И в этот момент… в этот самый момент произошло что-то, как я уже сказал, что-то ужасное…
…Зал поднялся в едином порыве… В своей ложе оба директора не могут сдержать крика ужаса… Зрители и зрительницы переглядываются, словно спрашивая друг у друга разъяснения столь неожиданного явления… На лице Карлотты написано жесточайшее страдание, в глазах застыло безумное выражение. Несчастная выпрямилась с полуоткрытым ртом, едва успев пропеть о том, что «сердца голос тайный ей тихо о чем-то говорит…» Уста ее безмолвствовали,
Ибо из уст этих, созданных для гармонии, этого подвижного инструмента, ни разу ее не подводившего, великолепного органа, воспроизводившего прекрасные звуки, труднейшие аккорды, самые мягкие модуляции, самые пылкие ритмы, дивного человеческого механизма, которому, чтобы стать божественным, не хватало лишь небесного огня, ибо только он порождает истинное волнение и возвышает души… так вот из этих уст выскочила…
Из этих уст выскочила…
…
Ах, ужасная, безобразная, чешуйчатая, ядовитая, покрытая слизью, брызжущая пеной, визгливая жаба!..
Как она туда попала? Как зацепилась за язык? Подобрав задние лапки, чтобы прыгнуть повыше и подальше, она незаметно выбралась из гортани и… квак!
Квак! Квак!.. Ах, это ужасное квак! Фальшивая нота!
Ибо, надеюсь, вы поняли, что о жабе речь ведется лишь в переносном смысле. Ее не было видно, но зато – кошмар! – было слышно! Квак! Фальшивая нота!
Зал словно бы оказался забрызган грязью. Никогда даже на берегу извергающих подобные звуки прудов земноводное не прорезало ночь более ужасным кваканьем.
И разумеется, никто его здесь не ожидал. Карлотта все еще не верила ни горлу своему, ни ушам. Упавшая к ее ногам молния поразила бы ее меньше, нежели эта квакающая жаба, выскочившая из ее уст.
К тому же молния ее бы не обесчестила. В то время как притаившаяся на языке жаба приносит певице бесчестье, заставляя фальшивить. Некоторые от этого умирают.
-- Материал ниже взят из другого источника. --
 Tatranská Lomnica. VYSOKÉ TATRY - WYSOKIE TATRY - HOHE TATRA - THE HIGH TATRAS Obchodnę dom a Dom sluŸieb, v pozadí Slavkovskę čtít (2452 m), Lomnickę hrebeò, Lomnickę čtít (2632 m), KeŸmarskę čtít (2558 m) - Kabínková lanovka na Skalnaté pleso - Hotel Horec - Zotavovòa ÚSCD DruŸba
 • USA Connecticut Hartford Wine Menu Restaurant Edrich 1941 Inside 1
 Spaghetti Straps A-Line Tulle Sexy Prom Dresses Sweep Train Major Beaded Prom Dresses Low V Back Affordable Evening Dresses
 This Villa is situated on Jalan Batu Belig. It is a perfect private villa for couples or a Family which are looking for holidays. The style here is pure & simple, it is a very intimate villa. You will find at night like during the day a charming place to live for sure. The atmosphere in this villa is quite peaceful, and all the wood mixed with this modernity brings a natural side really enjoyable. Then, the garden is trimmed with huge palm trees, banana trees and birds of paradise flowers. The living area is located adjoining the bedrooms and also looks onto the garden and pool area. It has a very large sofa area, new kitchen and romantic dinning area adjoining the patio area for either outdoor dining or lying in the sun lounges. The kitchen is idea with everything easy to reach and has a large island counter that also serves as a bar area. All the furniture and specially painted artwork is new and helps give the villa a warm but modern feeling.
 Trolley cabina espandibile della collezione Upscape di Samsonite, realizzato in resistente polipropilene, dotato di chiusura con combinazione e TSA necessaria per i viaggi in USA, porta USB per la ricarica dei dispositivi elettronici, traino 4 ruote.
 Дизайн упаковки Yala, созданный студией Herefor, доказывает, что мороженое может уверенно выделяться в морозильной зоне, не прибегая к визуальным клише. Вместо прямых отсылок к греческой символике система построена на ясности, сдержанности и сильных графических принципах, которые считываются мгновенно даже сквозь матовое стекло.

Боже мой! Кто бы мог подумать?.. Она преспокойно пела: «И сердца голос тайный мне тихо о чем-то говорит!» Пела, как всегда, без усилий, с такою же точно легкостью, с какою вы, например, говорите «Добрый день, сударыня, как вы себя чувствуете?»
Не стоит отрицать, что существуют самонадеянные певицы, которые не умеют рассчитывать силы и в своей гордыне слабым голосом, отпущенным им небесами, желают достичь исключительного эффекта, беря ноты, недоступные им от рождения. Вот тогда-то небеса и посылают им в наказание жабу, певицы об этом не ведают, а жаба, притаившись во рту, заставляет их фальшивить – квак! Это всем известно. Но никто и мысли не мог допустить, что Карлотта, в голосе у которой было по меньшей мере две октавы, может сфальшивить.
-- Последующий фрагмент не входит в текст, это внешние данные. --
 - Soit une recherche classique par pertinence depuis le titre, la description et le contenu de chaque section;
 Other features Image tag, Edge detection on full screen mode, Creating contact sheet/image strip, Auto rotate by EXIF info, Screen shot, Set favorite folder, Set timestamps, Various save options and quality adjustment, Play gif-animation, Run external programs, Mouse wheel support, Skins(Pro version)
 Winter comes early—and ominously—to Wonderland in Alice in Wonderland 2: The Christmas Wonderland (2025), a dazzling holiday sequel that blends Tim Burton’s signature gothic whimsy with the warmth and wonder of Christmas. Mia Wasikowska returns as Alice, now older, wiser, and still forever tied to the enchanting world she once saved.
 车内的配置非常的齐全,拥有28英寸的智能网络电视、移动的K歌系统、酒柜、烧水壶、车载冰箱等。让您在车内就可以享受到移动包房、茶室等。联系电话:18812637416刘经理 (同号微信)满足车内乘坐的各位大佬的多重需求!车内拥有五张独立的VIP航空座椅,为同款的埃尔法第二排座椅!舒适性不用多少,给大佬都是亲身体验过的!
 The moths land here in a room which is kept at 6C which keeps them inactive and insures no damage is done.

Невозможно забыть ее звенящие фа и неслыханные стаккато в «Волшебной флейте». Все помнили «Дон Жуана», где ее Эльвира восторжествовала однажды, взяв си-бемоль, которое не могла взять ее подруга донна Анна. Тогда что же в самом деле означает это фальшивое «квак» в конце такого негромкого, спокойного, без всяких подвохов «тайного голоса, тихо о чем-то говорившего ее сердцу»?
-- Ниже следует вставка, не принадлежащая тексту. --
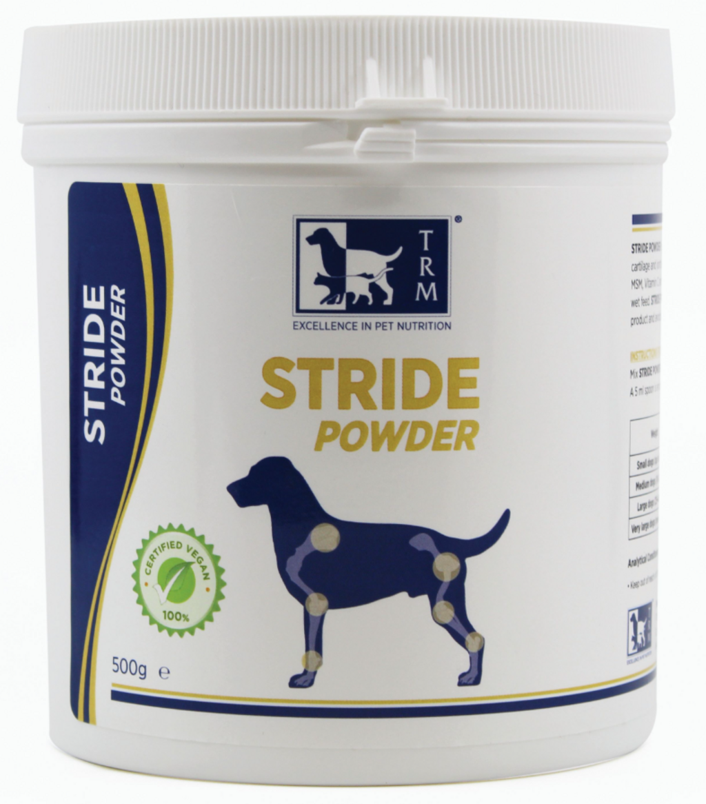 Stride Powder van TRM is een aanvullend diervoer in poedervorm dat de gewrichten en het kraakbeen van honden optimaal kan ondersteunen. Het is verrijkt met glucosamine HCL, chondroïtinesulfaat, MSM, vitamine C en mangaan en kan gemakkelijk worden gemengd met natvoer.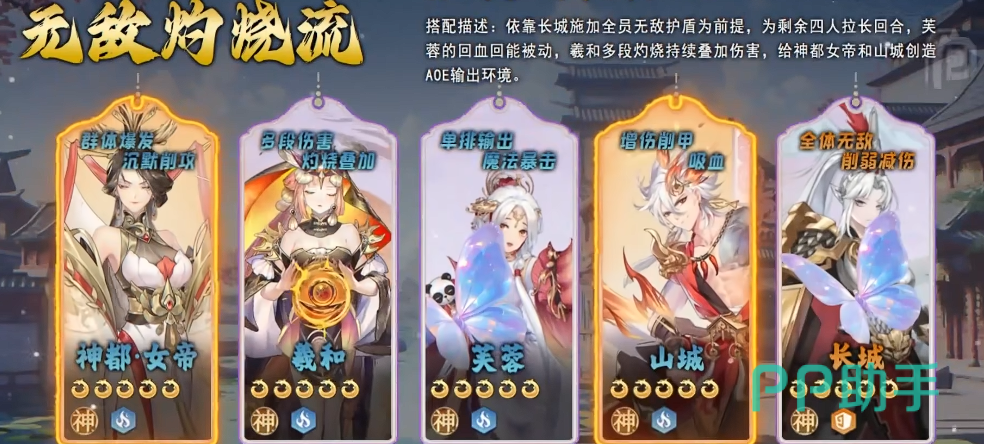 首推「持续灼烧流」——以高频率状态施加与长时间伤害积累为核心逻辑。该体系由羲和、山城、芙蓉、神都女帝及长城五人构成。其中,羲和承担核心灼烧扩散职能,其大范围技能可快速为多个目标叠加多层燃烧状态;神都女帝则强化单体灼烧浓度,二者协同显著提升总伤转化效率。山城与长城提供双层生存保障:前者增强队伍抗压韧性,后者生成稳定护盾,大幅延长灼烧生效窗口。芙蓉作为唯一治疗位,不仅通过被动持续恢复全队生命值,还同步补充技能能量,确保灼烧链不断档。该流派不依赖瞬时爆发,而胜在伤害随时间指数级增长,在对抗高防御、高血量Boss时尤为高效。

Это было неестественно. Тут не обошлось без колдовства. Жаба наводила на мысль о том, что дело нечисто. Жалкая, несчастная, отчаявшаяся, убитая горем Карлотта!..
В зале нарастал шум. Случись такая история с кем-нибудь другим, его бы освистали! Но в отношении Карлотты, чей безупречный инструмент ни у кого не вызывал сомнений, никто не испытывал гнева, а только горестное изумление и страх. Такого рода ужас должны были бы испытать люди, доведись им присутствовать при катастрофе, оторвавшей руки Венере Милосской! Но они-то ведь смогли бы увидеть нанесенный удар и понять…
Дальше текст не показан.